• **Work instruction**:
With the pictures left out, retype exactly the lines below starting at the line that contains "由於美股財報周進入尾聲,市場" and ending at the line that contains "18号线剩余两部分分别为北延".

• **Supplied records**:
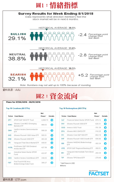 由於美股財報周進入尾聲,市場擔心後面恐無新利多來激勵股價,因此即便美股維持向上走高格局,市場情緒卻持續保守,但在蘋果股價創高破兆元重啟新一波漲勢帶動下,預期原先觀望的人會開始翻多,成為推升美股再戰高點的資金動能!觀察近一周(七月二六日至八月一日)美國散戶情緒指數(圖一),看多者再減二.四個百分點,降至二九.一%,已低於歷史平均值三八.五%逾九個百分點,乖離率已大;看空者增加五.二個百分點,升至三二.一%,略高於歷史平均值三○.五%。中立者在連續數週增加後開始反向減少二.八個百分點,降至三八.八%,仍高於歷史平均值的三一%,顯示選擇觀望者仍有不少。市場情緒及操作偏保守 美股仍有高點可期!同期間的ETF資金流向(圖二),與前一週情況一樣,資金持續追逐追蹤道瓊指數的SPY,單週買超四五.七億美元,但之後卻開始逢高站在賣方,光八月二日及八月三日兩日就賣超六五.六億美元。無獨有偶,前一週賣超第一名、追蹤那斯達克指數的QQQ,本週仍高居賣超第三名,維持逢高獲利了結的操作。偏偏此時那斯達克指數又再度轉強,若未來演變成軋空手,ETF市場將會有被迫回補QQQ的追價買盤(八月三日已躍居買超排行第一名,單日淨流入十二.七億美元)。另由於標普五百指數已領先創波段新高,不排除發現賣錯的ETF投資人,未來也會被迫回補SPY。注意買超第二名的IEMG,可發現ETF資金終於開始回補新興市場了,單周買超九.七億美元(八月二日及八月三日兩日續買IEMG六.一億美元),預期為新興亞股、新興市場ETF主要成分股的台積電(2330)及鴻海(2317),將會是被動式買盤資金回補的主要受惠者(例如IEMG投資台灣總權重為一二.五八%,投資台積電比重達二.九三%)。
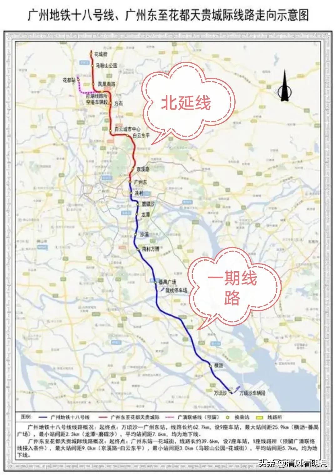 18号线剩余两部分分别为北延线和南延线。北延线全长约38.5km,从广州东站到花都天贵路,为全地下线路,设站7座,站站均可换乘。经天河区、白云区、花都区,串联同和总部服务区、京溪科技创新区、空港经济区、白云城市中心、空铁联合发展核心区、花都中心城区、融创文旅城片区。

---

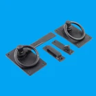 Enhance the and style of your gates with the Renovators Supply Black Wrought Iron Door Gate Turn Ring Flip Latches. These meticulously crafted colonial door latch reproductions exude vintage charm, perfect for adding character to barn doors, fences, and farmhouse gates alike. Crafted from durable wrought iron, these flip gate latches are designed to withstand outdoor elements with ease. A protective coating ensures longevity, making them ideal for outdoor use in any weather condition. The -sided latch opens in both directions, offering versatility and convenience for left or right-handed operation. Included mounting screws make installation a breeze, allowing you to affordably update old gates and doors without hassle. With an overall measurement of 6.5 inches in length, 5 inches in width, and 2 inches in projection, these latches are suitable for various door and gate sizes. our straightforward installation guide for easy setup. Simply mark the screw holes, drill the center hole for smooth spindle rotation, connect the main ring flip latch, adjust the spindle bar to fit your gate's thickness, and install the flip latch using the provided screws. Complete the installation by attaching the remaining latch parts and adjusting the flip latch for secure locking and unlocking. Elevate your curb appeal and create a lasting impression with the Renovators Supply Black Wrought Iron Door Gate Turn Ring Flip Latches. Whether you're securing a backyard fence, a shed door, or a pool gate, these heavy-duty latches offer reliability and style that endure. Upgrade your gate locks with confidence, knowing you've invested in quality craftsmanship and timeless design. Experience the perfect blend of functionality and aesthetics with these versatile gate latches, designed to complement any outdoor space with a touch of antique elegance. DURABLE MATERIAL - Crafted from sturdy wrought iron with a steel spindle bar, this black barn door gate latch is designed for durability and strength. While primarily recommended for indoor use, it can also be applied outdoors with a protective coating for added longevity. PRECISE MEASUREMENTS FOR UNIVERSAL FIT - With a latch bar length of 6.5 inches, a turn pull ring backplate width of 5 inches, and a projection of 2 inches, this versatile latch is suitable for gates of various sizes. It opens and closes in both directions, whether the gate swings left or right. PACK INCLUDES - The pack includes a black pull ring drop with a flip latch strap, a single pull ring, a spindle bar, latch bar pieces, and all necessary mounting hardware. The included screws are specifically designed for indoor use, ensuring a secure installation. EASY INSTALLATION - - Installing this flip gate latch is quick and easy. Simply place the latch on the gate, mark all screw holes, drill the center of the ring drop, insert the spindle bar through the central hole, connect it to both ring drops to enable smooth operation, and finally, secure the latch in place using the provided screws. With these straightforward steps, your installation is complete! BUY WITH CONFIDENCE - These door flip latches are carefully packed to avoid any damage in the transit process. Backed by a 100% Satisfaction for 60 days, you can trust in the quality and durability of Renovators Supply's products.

• **Answer section**:
 由於美股財報周進入尾聲,市場擔心後面恐無新利多來激勵股價,因此即便美股維持向上走高格局,市場情緒卻持續保守,但在蘋果股價創高破兆元重啟新一波漲勢帶動下,預期原先觀望的人會開始翻多,成為推升美股再戰高點的資金動能!觀察近一周(七月二六日至八月一日)美國散戶情緒指數(圖一),看多者再減二.四個百分點,降至二九.一%,已低於歷史平均值三八.五%逾九個百分點,乖離率已大;看空者增加五.二個百分點,升至三二.一%,略高於歷史平均值三○.五%。中立者在連續數週增加後開始反向減少二.八個百分點,降至三八.八%,仍高於歷史平均值的三一%,顯示選擇觀望者仍有不少。市場情緒及操作偏保守 美股仍有高點可期!同期間的ETF資金流向(圖二),與前一週情況一樣,資金持續追逐追蹤道瓊指數的SPY,單週買超四五.七億美元,但之後卻開始逢高站在賣方,光八月二日及八月三日兩日就賣超六五.六億美元。無獨有偶,前一週賣超第一名、追蹤那斯達克指數的QQQ,本週仍高居賣超第三名,維持逢高獲利了結的操作。偏偏此時那斯達克指數又再度轉強,若未來演變成軋空手,ETF市場將會有被迫回補QQQ的追價買盤(八月三日已躍居買超排行第一名,單日淨流入十二.七億美元)。另由於標普五百指數已領先創波段新高,不排除發現賣錯的ETF投資人,未來也會被迫回補SPY。注意買超第二名的IEMG,可發現ETF資金終於開始回補新興市場了,單周買超九.七億美元(八月二日及八月三日兩日續買IEMG六.一億美元),預期為新興亞股、新興市場ETF主要成分股的台積電(2330)及鴻海(2317),將會是被動式買盤資金回補的主要受惠者(例如IEMG投資台灣總權重為一二.五八%,投資台積電比重達二.九三%)。
 18号线剩余两部分分别为北延线和南延线。北延线全长约38.5km,从广州东站到花都天贵路,为全地下线路,设站7座,站站均可换乘。经天河区、白云区、花都区,串联同和总部服务区、京溪科技创新区、空港经济区、白云城市中心、空铁联合发展核心区、花都中心城区、融创文旅城片区。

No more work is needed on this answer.